DRM is seen as an important mechanism for protecting copyrights in a free market [75]. The widespread availability of copyrighted content available online for free has led the creative industries to present the message that they 'can't compete with free'. However, even with DRM-free content, consumers still face social and technical transaction costs in exchanging content [76]. Such costs suggest that if the industry were willing to compete with 'free' services, market mechanisms could achieve the goals that DRM systems were supposed to [77]. In addition, critics of DRM fear a loss of consumer uses and economic analysis demonstrates that content providers who overly hinder customer control actually reduce the value of their product causing reduced market demand, prices, and profits [78].
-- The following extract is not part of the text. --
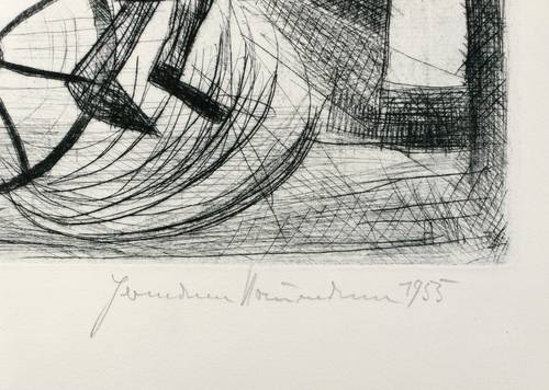 1955. Radierung / Kaltnadelradierung, in Schwarz, auf hellchamois Büttenpapier. – Originale Künstlergrafik, von Hermann Naumann. – Probedruck. – 29,8 x 49,7 cm (Darstellung / Platte), 38 x 54 cm (Blatt).
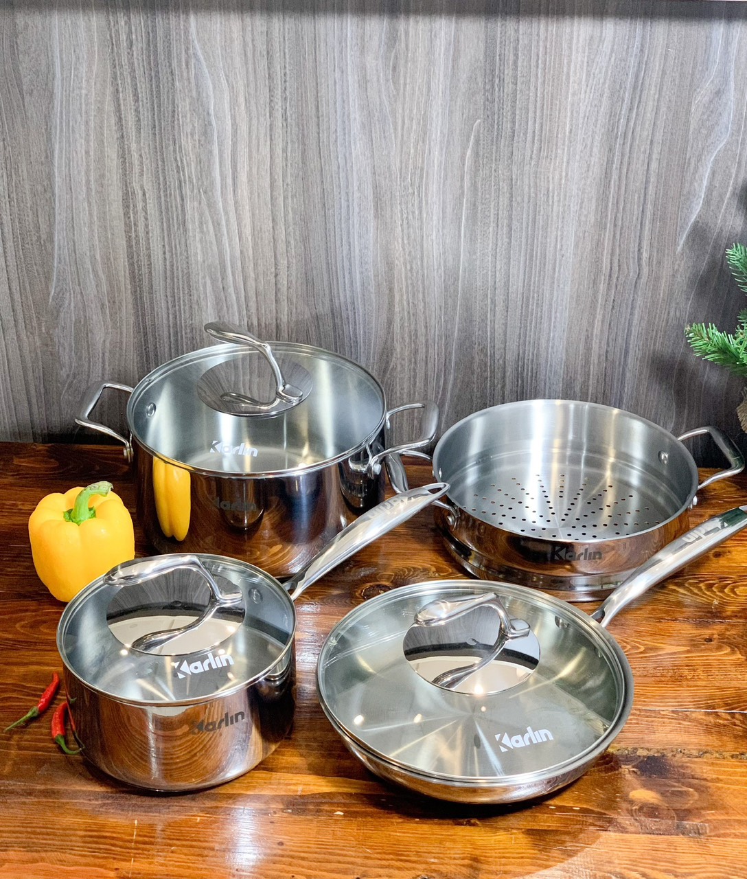- Lớp ngoài phần thân làm từ inox 304 được đánh sáng bóng để tăng độ thẩm mỹ; lớp ngoài phần đáy được tích hợp thêm từ tính để bếp nấu được trên mọi loại bếp: bếp từ, bếp điện, bếp gas, bếp hồng ngoại

From looking at the doctrine of fair use, it can be said that its goal is to advance knowledge, learning and to act as a limit or balance to the copyright monopoly. The market accepts copyright as monopoly to guarantee authors a return for their creative endeavour and to act as an incentive to produce from which the public as a whole will benefit. As such, a similar approach can be adopted to fair use; based on incentives to create and benefits to the public. However, the monopoly as envisaged by copyright law exists over content or, copyright 'works'. This can be distinguished from the monopolistic control over networks that has been exercised by Amazon and Microsoft, and which could result should Ofcom approve the deployment of industry-agreed content management on the BBC HD television service. It is difficult to envisage how this approach can be justified under this principle.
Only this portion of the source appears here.